Однако главные противоречия конституционного процесса все же обнаружились в другом — в определении базовой политической концепции, на которой должна строиться любая Конституция. Достаточно вспомнить, что утвержденный в июне этого года текст Конституции, созданный в течение более чем двухлетней работы так называемым Евроконвентом под руководством бывшего президента Французской республики Валери Жискар д`Эстэна, претерпел к моменту завершения работы Конвента более чем чувствительные коррективы, в корне изменившие его суть. Так, в проекте бывшего главы Французской республики предполагалось учреждение в рамках ЕС формы правления, обладающей целым рядом атрибутов президентской республики. В частности, предполагалось усиление исполнительных органов Сообщества, во главе которых становился президент ЕС. Также планировалось появление у ЕС собственного министра иностранных дел, который бы представлял общеевропейские интересы на международной арене. Одновременно должны были возрасти полномочия общеевропейских органов в борьбе с международной преступностью и в сфере иммиграционной политики. Таким образом, умудренный жизненным и политическим опытом голлист предложил «объединенным европейцам» вполне разумную и сбалансированную структуру органов власти, способную выработать и реализовать адекватный ответ Сообщества на существующие глобальные вызовы. И не случайно, что в своем выступлении по окончании работы Евроконвента Жискар д`Эстэн призвал руководителей государств и правительств сообщества не менять в представленном им тексте не единой запятой, поскольку, по его словам, «данный документ — это здание, в котором важен каждый кирпичик, и лучше отказаться полностью от принятия Конституции, чем менять его по кускам». Однако, вручив «отцу-основателю» европейской конституции аахенскую премию имени Карла Великого «за наибольший вклад в европейскую интеграцию», наследники его детища существенно ревизовали сам текст.

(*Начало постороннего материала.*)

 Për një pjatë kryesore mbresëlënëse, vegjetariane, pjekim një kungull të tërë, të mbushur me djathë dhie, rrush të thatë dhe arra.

Каким же оказался продукт этой «ревизии»? Так, впервые в высшем исполнительном органе Евросоюза, Совете глав государств и правительств, решения во многих жизненно важных сферах будут приниматься не единогласно, как сейчас, а квалифицированным большинством, что формально оптимизирует процесс принятия совместных решений. В то же время, в совершенно противоположном ключе выдержано введенное в Конституцию понятие «двойного большинства» в парламенте: теперь для принятия нового закона недостаточно, чтобы за него проголосовали 55% депутатов. Требуется, чтобы данные депутаты представляли в совокупности страны, в которых живет как минимум 65% граждан ЕС (т.н. ценз «квалифицированного большинства»).

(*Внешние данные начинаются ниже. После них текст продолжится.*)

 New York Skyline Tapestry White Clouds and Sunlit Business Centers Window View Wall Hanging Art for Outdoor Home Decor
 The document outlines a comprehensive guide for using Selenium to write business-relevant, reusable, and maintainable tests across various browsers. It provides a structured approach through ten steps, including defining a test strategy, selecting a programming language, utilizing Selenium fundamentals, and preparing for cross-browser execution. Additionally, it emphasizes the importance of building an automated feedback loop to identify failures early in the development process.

Помимо этого, вводится новый ограничительный инструмент, известный по опыту заседаний Совета Безопасности ООН, но ранее не применявшийся в Евросоюзе: право вето. Указанным правом могут воспользоваться представители любых четырех стран Сообщества, блокируя таким образом любое решение. При таком механизме решение может быть принято лишь в том случае, если за него голосуют большинство стран и одновременно большая часть населения ЕС. Таким образом, возникает структура управления, которая в процессе функционирования неизбежно будет сталкиваться с целым рядом «блокировок». На сегодняшний день существует целый ряд примеров крушения властно-политических моделей, основанных на механизме согласования и/или на принципе «квалифицированного большинства» — достаточно вспомнить судьбу бывшей СФРЮ, в которой после смерти Тито формальная власть оказалась в руках Скупщины (и ее президиума) — то есть многопалатного парламента, отражавшего сложную национально–территориальную и социально–профессиональную структуру югославского общества, а также участь так и недостроенного М.Горбачевым «обновленного Союза» («Содружества Суверенных Государств»). И хотя Европа, являясь по сути открытым пространством с преобладающими центростремительными тенденциями, представляет собой, по меткому выражению А.Трейвиша, «ловушку» для регионов, избрание Европой именно такой структуры власти может создать ей достаточно проблем в будущем.

Тот факт, что выбранный ЕС способ принятия решений «разрыхляет» структуру общеевропейской власти (особенно с учетом уже свершившегося либо планирующегося приема стран Восточной и Южной Европы, и главное — Турции), снижает роль стран — лидеров общеевропейского процесса (прежде всего Германии и Франции) и делает их уязвимыми перед лицом сиюминутных коалиций и корпоративно–клановых интересов. Это подтверждается целым рядом мини–кризисов последнего времени.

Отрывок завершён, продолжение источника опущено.